About a month ago and with no warning, Auckland’s city centre was suddenly flooded with Onzo’s. Onzo is a dockless bikeshare scheme, the same type that’s been popping up all over the world, although not always with great results. Simon Wilson over at the Spinoff wrote about Onzo here not long after they launched. The bikes themselves aren’t anything special, or with their one gear particularly well suited to Auckland conditions. None the less they appear to have been popular, helped by being very cheap at just 25c for 15 minutes. There has also been a fair bit of a novelty factor associated with them.

Initially Onzo bikes seemed to be everywhere, in many cases clogging up many of the city’s bike racks. But these days I’ve been noticing very few around the city. This is backed up by looking at the map on Onzo’s app showing only a handful around the city centre.

Interestingly the biggest cluster seems to be down in the corner of the viaduct close to Auckland Transport’s headquarters. As per this thread it sounds like they’re not actually there though and the building owners are clearing them away from buildings, which isn’t on. This the issue some areas looking like public space but are in fact private land.

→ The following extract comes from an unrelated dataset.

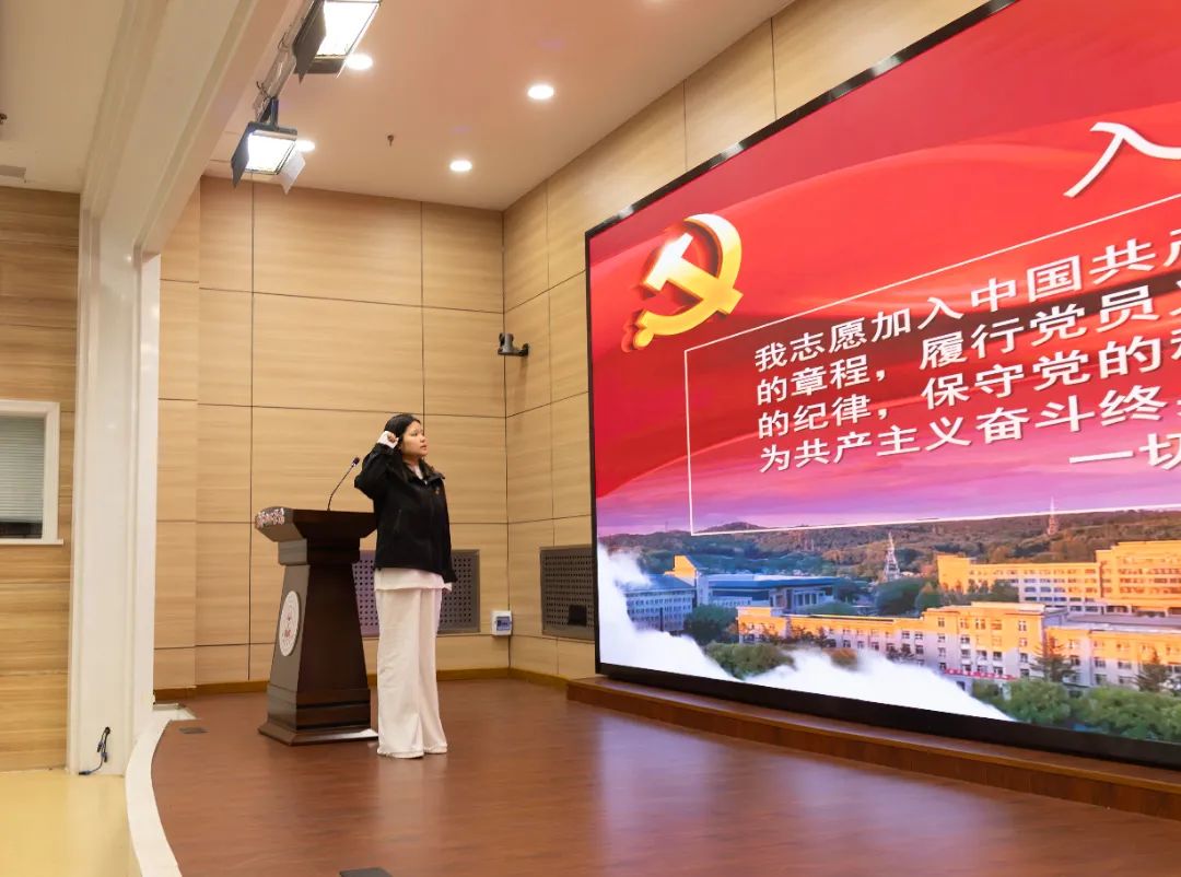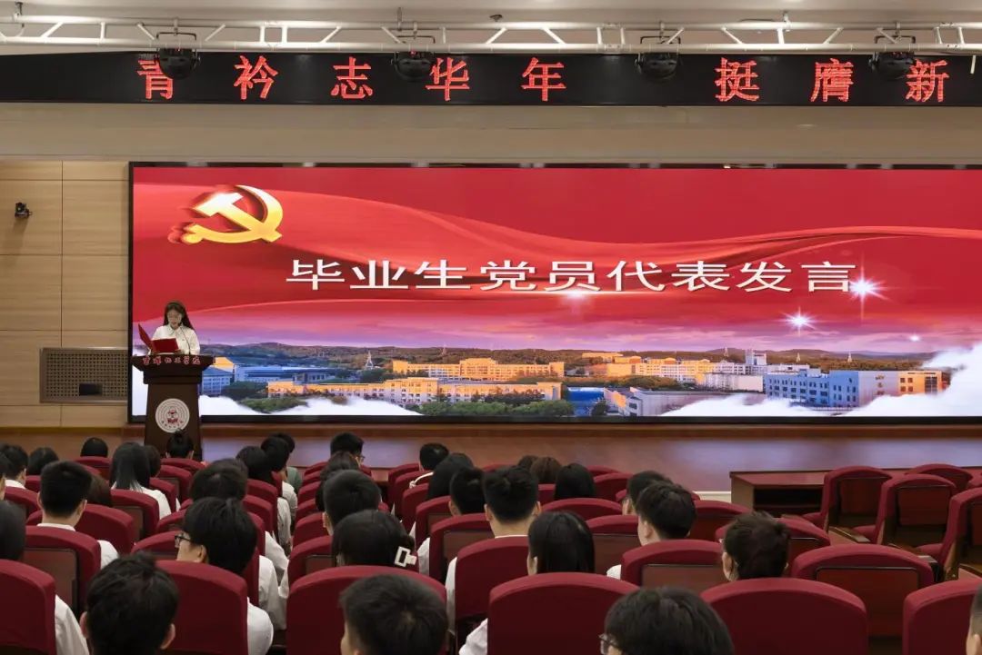 活动伊始,毕业生党员代表潘雨矇同志上台发言。她深情回顾了大学四年的成长历程,从初入校园时的懵懂,到在党组织培养下的逐渐成熟,每一段经历都饱含着奋斗与收获。同时,她也对未来的人生征程充满期待,立志在新的岗位和环境中,继续践行党员使命。她的发言,不仅是个人成长的分享,更展现出毕业生党员积极向上、勇担使命的精神风貌。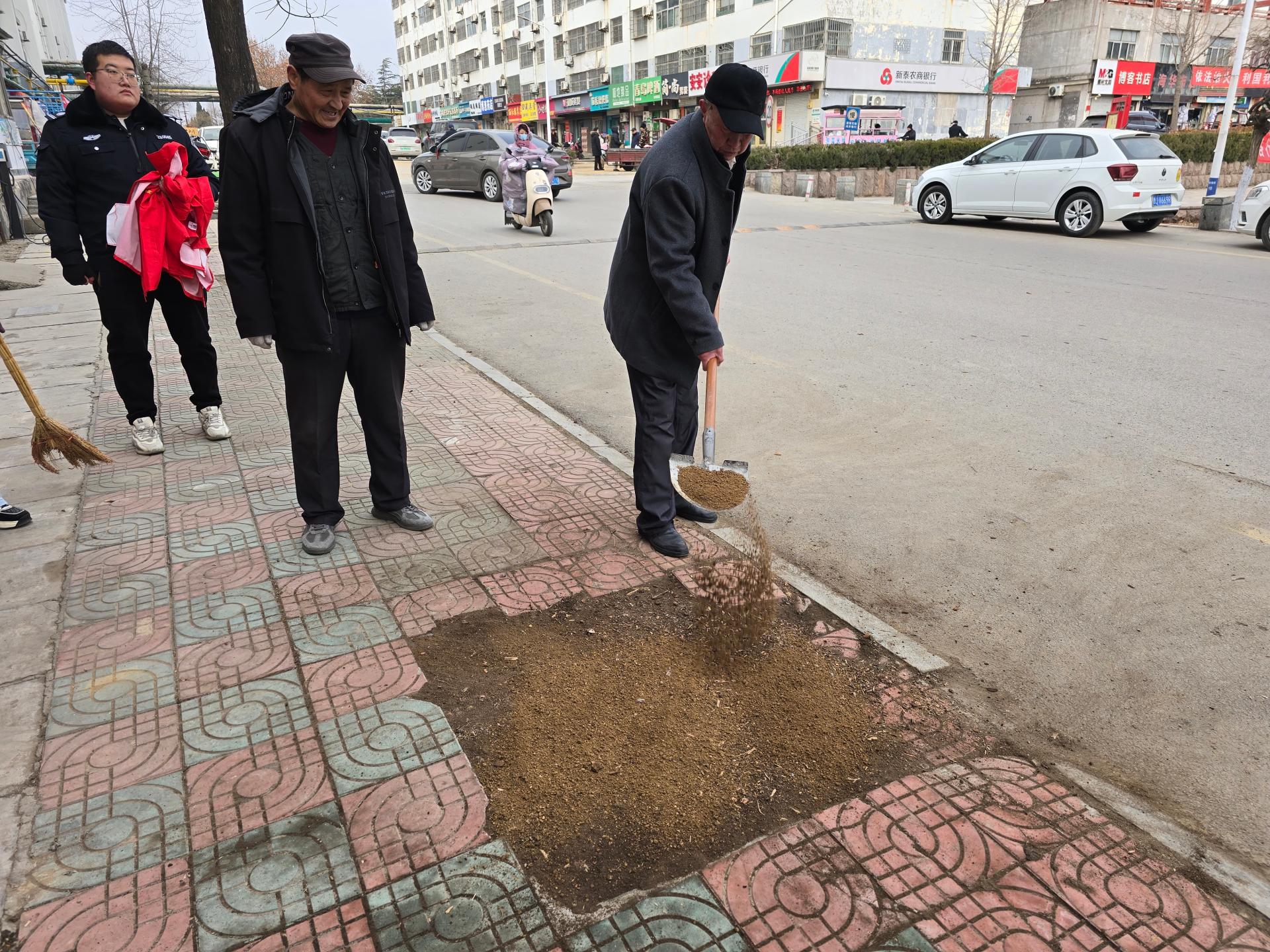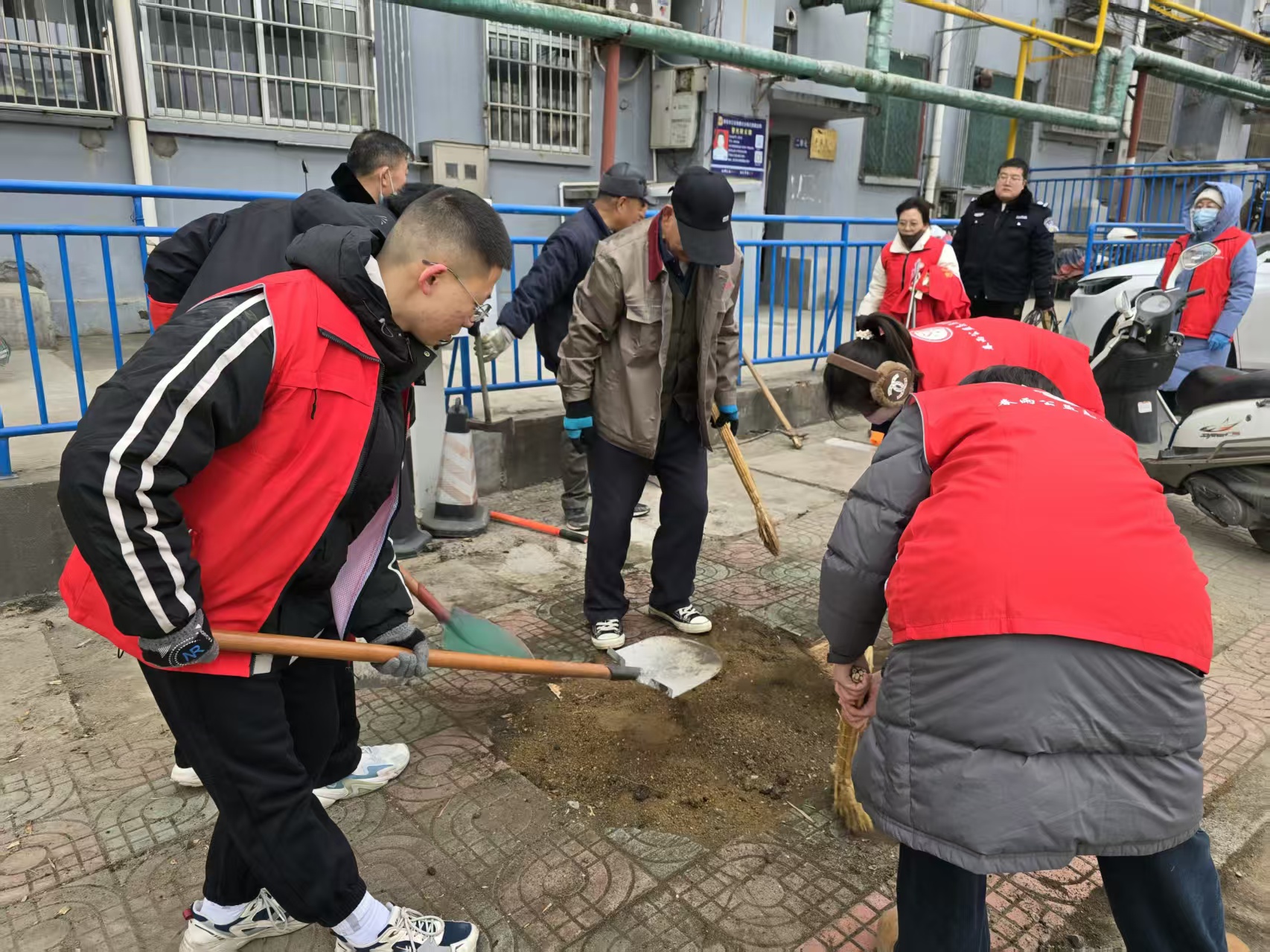 协庄社区组织志愿者们在靖南区开展社区填坑解忧民的志愿服务活动,志愿者们自带铁锹、铲子等工具,分工明确,不怕脏、不嫌累的为社区居民铺垫道路上的坑洼,全力解决路面大坑问题。

If the bikes aren’t in the city, where are they? Zooming out a bit gives us this image and there are some outside of these points too.

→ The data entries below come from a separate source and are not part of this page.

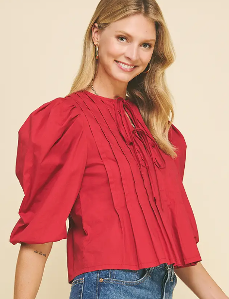 PUFFED SHORT SLEEVE TUCKED DETAIL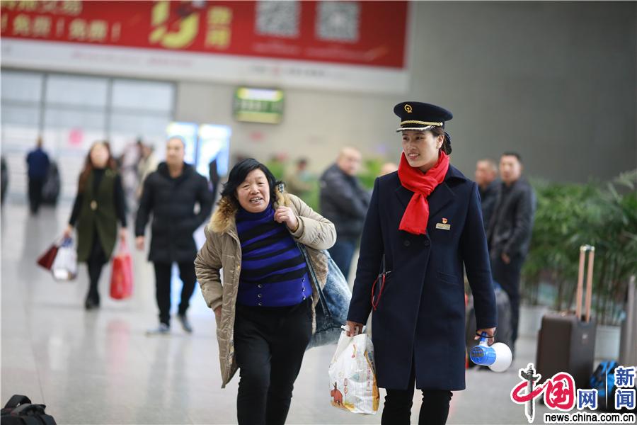 图为藏族客运员仁真那么帮助重点旅客。中国网发 苏志刚/摄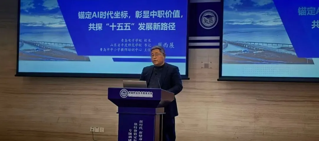 青岛电子学校校长崔西展作为代表受邀参加会议,以《锚定AI时代坐标,彰显中职价值,共探“十五五”发展新路径》为题进行交流,以实事求是的态度审视AI时代中职教育的独特定位和价值。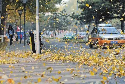 昨日,在长春市人民大街上,大风将落叶吹得漫天飞舞 本报记者 阚旋 摄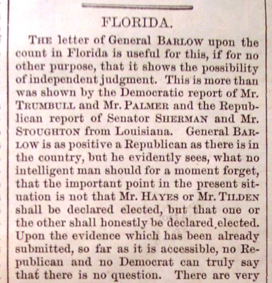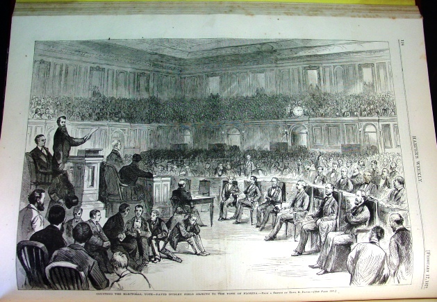 This historic volume of Harper's Weekly contains the first six months of weekly issues of 1877 which was a momentous year which started with tremendous strife and controversy over the election of 1876, the creation of an electoral commission to resolve the election and the inauguration of President Rutherford P. Hayes shortly after the matter was decided. This volume is in great condition. Very, very few 1877 volumes of these weekly magazines have survived in such good condition as this one, as shown by the pictures above and those which follow. These two articles appear on the first text page of this volume. They set out the difficult problem faced by the country with no rules to decide the election and the State of Florida the key to who would win much like the 2000 election. But unlike 2000, this was a much more serious controversy, with violence being threatened and the result not decided until just before inauguration day.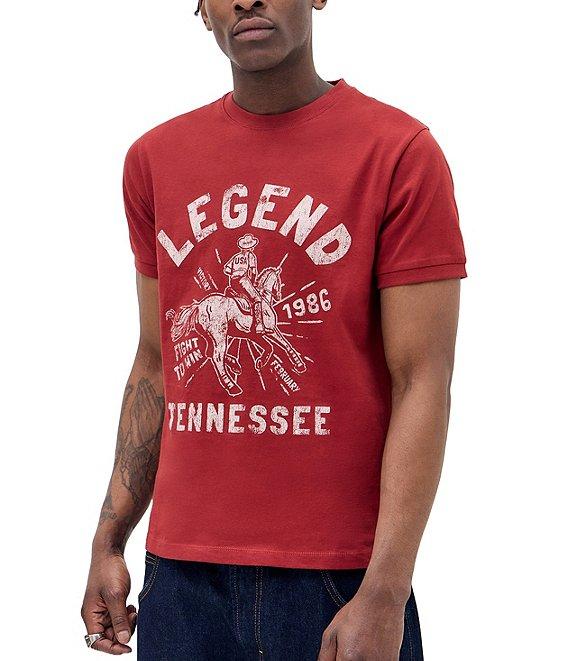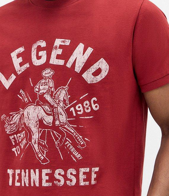 From BDG Urban Outfitters, this t-shirt features: Crew neckline Short sleeves A cowboy "riding" horseback graphic plus "Legend" and "Tennessee" verbiage on the front Square hem Pullover construction Cotton knit Machine wash/line dry Imported.

There’s even one as far away as Dargaville.

Back to Auckland and looking closely, it appears many of those that have spread across the city are now sitting down long driveways and in people’s back yards. Effectively these ‘public’ bikes have been privatised by people. A case of the tragedy of the commons? Unfortunately, there was always going to be an element of this happening.

For bike share to succeed it really requires a certain level of density. There needs to be enough so that people are actually able to find a bike if they want one. This normally requires active management, redistributing bikes so they don’t all end up at the bottom of a hill. It doesn’t appear this is happening with Onzo and combined with how far the bikes have spread, has made the system pointless. What it has been useful in highlighting though is that any scheme that wants to succeed really needs to be much larger cover most of the city if it wants to avoid outcomes like this.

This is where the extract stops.